Can Anyone Match WisdomTree In Currency-Hedged ETFs?

The second quarter saw a weak start no doubt in the U.S. weighing on the dollar. But the resilient U.S. dollar resumed its strength over the past couple of weeks thanks to the Fed rate hike bets. In fact, the U.S. Dollar Index rose nearly 4% in the same period, erasing most of the spring losses. The surge in the greenback brought back the appeal for currency hedged ETFs and this trend is likely to continue in the summer months.

This is especially true as a raft of upbeat economic data of late and an accelerating job market indicate that the world's largest economy is improving after the first-quarter slump. If this continues, the Fed might finally increase the interest rates for the first time since 2006, albeit at a slower pace. The first rate hike might be due for September. Given this, monetary policies in the U.S. and the other developed and developing countries are on divergent paths, lending continued strength to the U.S. dollar (read: Currency Hedged ETFs Top Q1 Asset Flows).    

As a result, investors are once again shifting their investment strategy to the currency-hedged funds, which provide pure exposure to foreign markets with zero currency risk. These look to strip out currency risk to a foreign economy by the use of currency forwards or other instruments. Though this space is a bit crowded with a number of issuers, WisdomTree Investments (WETF - Snapshot Report) is leading the way with Europe Hedged Equity Fund (HEDJ) and Japan Hedged Equity Fund (DXJ - ETF report) having AUM of $20.6 billion and $18.3 billion, respectively.

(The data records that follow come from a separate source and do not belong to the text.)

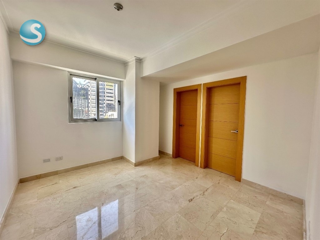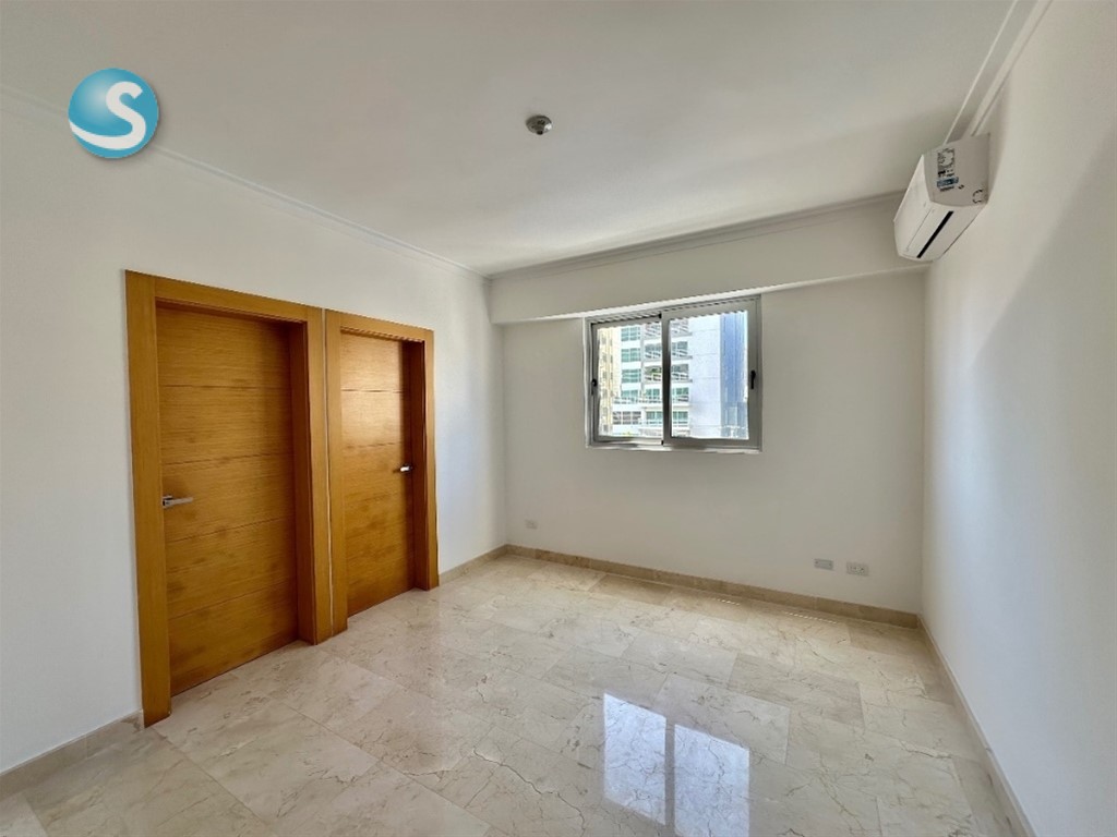 170 m2 netos. 197 m2 totales. Dos (2) parqueos techados paralelos. Tres (3) habitaciones. 3.5 baños. Sala. Comedor. Cocina cerrada. Balcón. Área de lavado. Habitación de servicio. Dos (2) elevadores. Locker. Área común; Terraza amueblada con jacuzzi. Sun deck. Salón de eventos amueblado. Gimnasio. *Residencial cerrado. *Terminación de primera, pisos de mármol. *Precio incluye 4 aires acondicionados. *Mantenimiento: RD$14,000.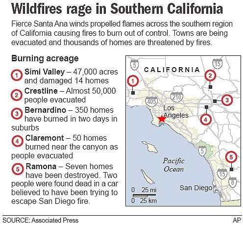 Today, a firefighter died fighting one of the many blazes here in California. The toll so far: 10 fires burn in an arc that stretched from Ventura County down into Mexico. The cost so far? More than 2400 homes burned with estimated losses exceeding 2 billions dollars. Overall, the fires have burned over 634,000 acres, more than twice the size of the city of Los Angeles. Arson is suspected in 4 of the fires. I hope they catch those assholes.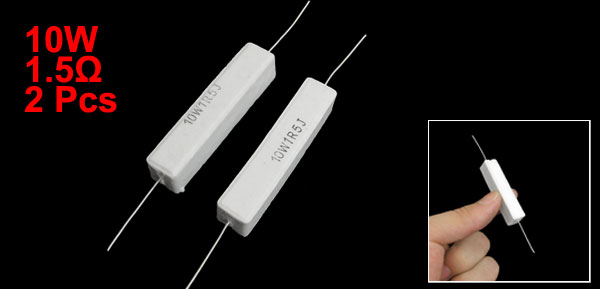 Product Name Cement Resistor Body Material Cement Power 10W Resistance 1.5Ω Body Size (Approx.) 49 x 11 x 10mm/ 1.9" x 0.43 x 0.39"(L*W*H) Lead Diameter (Approx.) 0.8mm/ 0.031" Lead Length (Approx.) 26mm/ 1.02"(Max.), 24mm/ 0.94" (Min.) Color White Weight 22g Package Content 2 Pcs x Cement Resistors - Reviews

This is because WisdomTree products have drawn investors’ interest to the currency hedged ETF world since their debut, dethroning the major rivals – Deutsche Bank (DB - Analyst Report) and BlackRock (BLK - Analyst Report) – thanks to the first mover advantage, liquidity, price and brand name. In fact, WisdomTree dominates the $51.34 billion space with more than three-fifths share (read: Four Reasons to Buy WisdomTree ETFs).

Is the Dominance Real?

To elaborate its dominance, let’s take a closer look at the top two currency hedged funds and compare them with the rival funds:

Europe Hedged ETFs

These funds have grabbed most of the investors’ interest this year on a massive stimulus program launched by the European Central Bank (ECB). Out of the funds from the three issuers, WisdomTree’s HEDJ dominates the space as it has pulled in over $13.5 billion in capital this year, as per ETF.com. On the other hand, Deutsche X-trackers MSCI Europe Hedged Equity ETF (DBEU) and iShares Currency Hedged MSCI EMU ETF (HEZU - ETF report) see inflows of only $1.7 billion and $1.3 billion, respectively.

HEDJ was launched in December 2009 compared to the October 2013 launch for DBEU and July 2014 debut for HEZU. Additionally, it is highly traded in volumes of nearly 4.9 million shares a day on average, suggesting no extra cost beyond the expense ratio of 0.58%. On the other hand, DBEU trades in average daily volume of nearly 1.1 million shares while HEZU exchanges 605,000 shares in hand (read: Guide to European Hedged ETF).

Though expense ratio is slightly higher, the WisdomTree fund is more efficient that the other two with an efficiency ratio of 0.17 (as per the fidelity.com), suggesting that it has a higher ability to outperform its benchmark.  
 

Japan Hedged ETFs


Similarly, WisdomTree DXJ has gathered about $3.7 billion in AUM versus inflows of $463 million for Deutsche X-trackers MSCI Japan Hedged Equity (DBJP - ETF report) and $369 million for iShares Currency Hedged MSCI Japan ETF (HEWJ - ETF report). DXJ was launched in June 2006 while DBJP and HEWJ are relatively new to the space, having been rolled out in June 2011 and January 2014, respectively.

In terms of liquidity, DXJ sees solid volume of nearly 5.7 million shares per day on average while DBJP and HEWJ trade in average daily volume of nearly 260,000 and 423,000 shares, respectively. Higher trading volume of DXJ compared to the other two products makes it worth playing and ensures no additional cost. Further, the efficiency ratio of DXJ is much higher at +1.72 compared to -2.77 for DBEU and -1.95 for HEWJ (read: WisdomTree Launches Hedged Dividend Growth ETF on Japan).